Question 10 : Quel cas exprime le prix d'une chose quand il est estimé de façon indéterminée (ex: cela vaut beaucoup) ?

A. L'accusatif
B. Le datif
C. Le génitif
D. Le vocatif

Réponse : C. C'est le génitif de prix (magni, parui, pluris). Si le prix était déterminé par un chiffre précis, on utiliserait l'ablatif. Cette nuance est un classique des épreuves de grammaire en khâgne.

Question 11 : "Cum" suivi du subjonctif imparfait exprime généralement :

A. La simultanéité dans le passé (valeur historique ou causale)
B. Une condition irréelle du présent
C. Une répétition dans le présent
D. Une conséquence future

Réponse : A. C'est le "cum historique". Il se traduit souvent par "alors que", "comme" ou par un participe présent. Il indique la circonstance dans laquelle se déroule l'action principale au passé. L'option B est fausse, car l'irréel du présent utilise aussi le subjonctif imparfait mais dans une structure "Si.".

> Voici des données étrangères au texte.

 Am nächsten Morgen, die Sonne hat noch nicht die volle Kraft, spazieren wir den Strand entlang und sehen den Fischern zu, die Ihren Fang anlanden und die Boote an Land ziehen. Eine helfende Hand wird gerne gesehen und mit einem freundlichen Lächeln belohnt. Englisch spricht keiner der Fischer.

Question 12 : Quel est le sens de la conjonction "ut" suivie de l'indicatif ?

A. Afin que (but)
B. De sorte que (conséquence)
C. Bien que (concession)
D. Quand ou de même que (temporel ou comparatif)

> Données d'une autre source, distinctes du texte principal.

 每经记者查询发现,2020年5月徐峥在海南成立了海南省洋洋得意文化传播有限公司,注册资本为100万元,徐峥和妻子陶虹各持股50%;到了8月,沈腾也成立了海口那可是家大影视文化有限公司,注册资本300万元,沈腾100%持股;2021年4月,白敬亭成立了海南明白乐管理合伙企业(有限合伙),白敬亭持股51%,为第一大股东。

Réponse : D. C'est une règle d'or : "ut" + subjonctif = but ou conséquence ; "ut" + indicatif = temps (quand) ou comparaison (comme). Confondre les deux mène directement au contresens sur la structure de la phrase.

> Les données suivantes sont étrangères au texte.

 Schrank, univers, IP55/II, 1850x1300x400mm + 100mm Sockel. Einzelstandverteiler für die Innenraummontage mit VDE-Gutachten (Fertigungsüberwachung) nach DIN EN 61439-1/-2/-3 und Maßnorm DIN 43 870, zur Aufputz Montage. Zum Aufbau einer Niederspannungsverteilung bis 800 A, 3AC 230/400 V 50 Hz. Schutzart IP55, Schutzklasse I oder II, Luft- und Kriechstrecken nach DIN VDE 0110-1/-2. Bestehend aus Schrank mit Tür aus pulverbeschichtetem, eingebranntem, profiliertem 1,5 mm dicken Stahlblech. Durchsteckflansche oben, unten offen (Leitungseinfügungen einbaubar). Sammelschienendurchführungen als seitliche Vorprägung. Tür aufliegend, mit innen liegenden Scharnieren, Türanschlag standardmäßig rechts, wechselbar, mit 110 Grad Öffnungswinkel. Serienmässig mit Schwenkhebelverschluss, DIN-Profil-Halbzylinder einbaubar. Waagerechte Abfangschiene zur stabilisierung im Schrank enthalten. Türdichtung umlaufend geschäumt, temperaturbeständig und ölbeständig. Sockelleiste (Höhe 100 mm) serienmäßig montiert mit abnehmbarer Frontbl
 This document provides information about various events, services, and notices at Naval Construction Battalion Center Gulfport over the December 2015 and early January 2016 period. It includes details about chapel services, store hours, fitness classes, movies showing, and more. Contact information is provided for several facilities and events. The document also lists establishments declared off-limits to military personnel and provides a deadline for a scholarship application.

Question 13 : Qu'est-ce qu'une "supine en -u" (ex: horribile uisu) ?

A. Un verbe au futur antérieur
B. Un substantif verbal à l'ablatif de point de vue
C. Une forme d'impératif futur
D. Un adjectif de la quatrième déclinaison

Réponse : B. Le supine en -u complète des adjectifs pour préciser sous quel rapport l'adjectif s'applique. "Horribile uisu" signifie "horrible à voir". C'est une forme rare mais précieuse pour la précision de la traduction.

Question 14 : Laquelle de ces formes est un impératif futur ?

A. Amate
B. Amavisse
C. Amato
D. Amandi

Réponse : C. L'impératif futur (amato, amatote) est utilisé dans les textes juridiques ou pour des ordres dont l'exécution est différée. Il est plus solennel que l'impératif présent (amate). Amandi (D) est un gérondif.

Question 15 : En traduction, que signifie "respecter l'aspect du verbe" ?

A. Distinguer une action en train de se faire d'une action achevée
B. Vérifier si le verbe est à la voix passive ou active
C. Accorder le verbe avec son sujet en nombre
D. Traduire systématiquement le parfait par un passé simple

Réponse : A. L'aspect est la manière dont le procès est envisagé : l'infectum (présent, imparfait) montre l'action en cours, le perfectum (parfait, plus-que-parfait) montre l'action accomplie. C'est essentiel pour choisir entre l'imparfait et le passé simple en français.